On the other hand, especially in restaurant and dining establishments, employees may also work for a fixed salary plus tips (percentage). The scope of earnings subject to premiums is detailed in Article 80 of Law No. 5510. The earnings subject to premiums for insured individuals within the scope of paragraph (a) of the first clause of Article 4 of the law are determined as follows
In calculating the earnings subject to premiums;
- The wages earned,
- Payments made within the month from premiums, bonuses, and all kinds of similar entitlements, as well as amounts paid by employers for private health insurance and individual pension plans for the insured,
- Payments made within the month to the insured based on decisions by administrative or judicial authorities as earnings specified in (1) and (2) above,
are taken as the gross total.
In the same article, paragraph (c) of the first clause lists the exceptions to the earnings subject to premiums one by one. There is no regulation within the paragraph content stating that tip payments are excluded from earnings subject to premiums. Therefore, when determining the scope of earnings subject to premiums, considering the provision in paragraph (c) of the first clause of Article 80, which frequently refers to all payments, regardless of their name, being subject to premiums except for the exceptions specified in paragraph (b), it is clear that tip amounts will be included in the earnings subject to premiums.
Conclusion
As detailed above, tips constitute an important element of the employment relationship, especially in local restaurants, hotels, and similar workplaces. The non-payment of tips by the employer, their unpredictability, and various other factors often lead to disputes in the employment relationship, frequently resulting in legal actions. Additionally, inspections by the Ministry of Labor and Social Security and administrative actions by the Social Security Institution can result in sanctions.

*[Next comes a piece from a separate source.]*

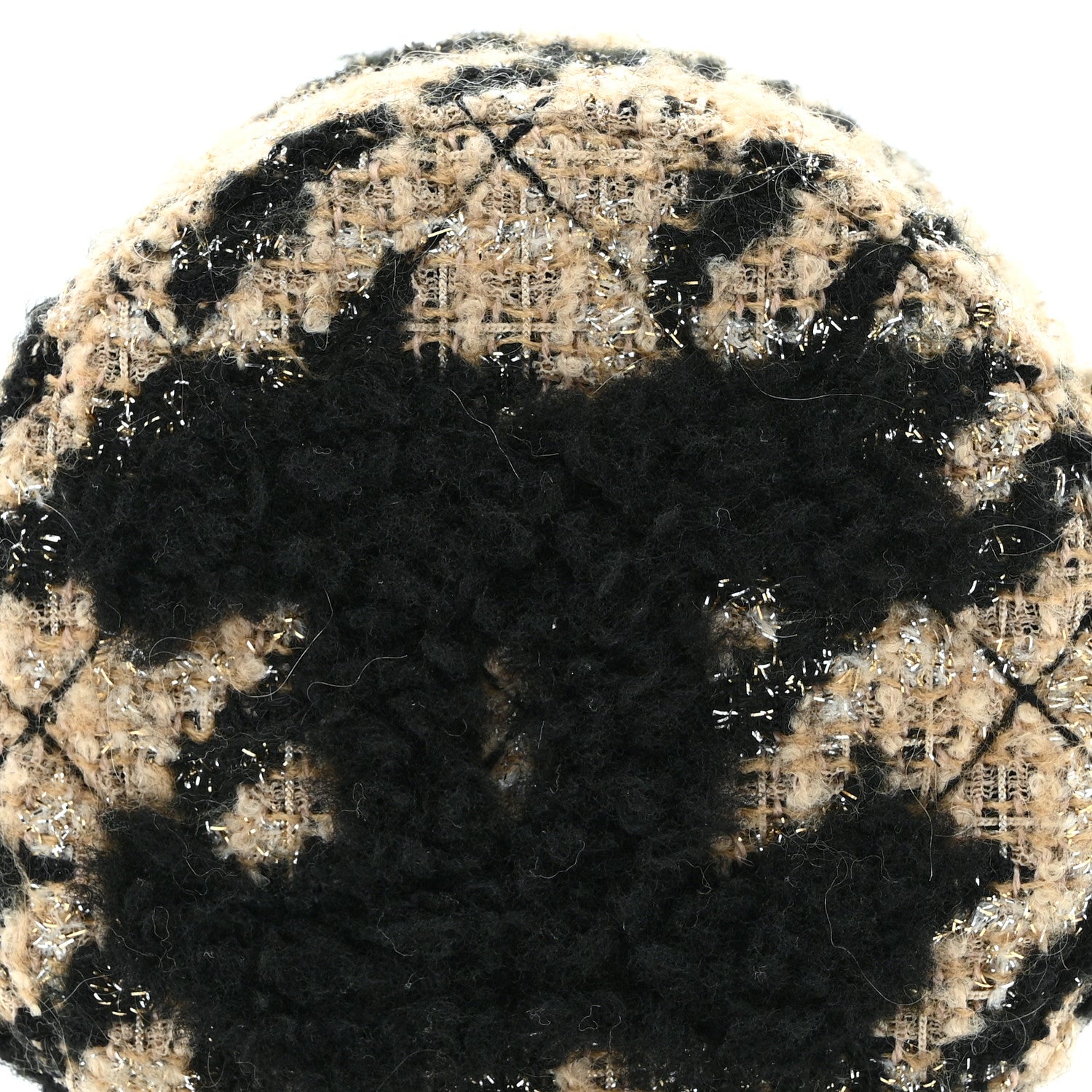 This is an authentic CHANEL Tweed Shearling Quilted Round Clutch With Chain and Coin Purse in Beige and Black. This stylish shoulder bag is crafted of diamond quilted tweed in beige and black. It features a black CC logo, a coin purse, and a leather threaded gold chain link strap. The top zipper opens to a beige fabric interior with a patch pocket.Follow this item for alerts. Chanel is a registered trademark of Chanel. FASHIONPHILE is not affiliated with Chanel.

This uncertainty poses potential future risks for employers. Therefore, regardless of how tips are distributed (whether under the employer's control or paid directly by customers to employees), employers should take special measures in this regard. Internal workplace regulations should be established in accordance with the rules specified in the Law and regulations to ensure the distribution and recording of tips. These regulations should be fair, transparent, and acceptable to employees. Payments made in accordance with the fundamental principles of Labor Law and Social Security Law and current Supreme Court precedents should be documented, and necessary notifications to official institutions should be made accordingly.
Following these evaluations, a policy that meets the specified criteria and is implementable at the workplace can help maintain workplace harmony and prevent potential future sanctions against the employer.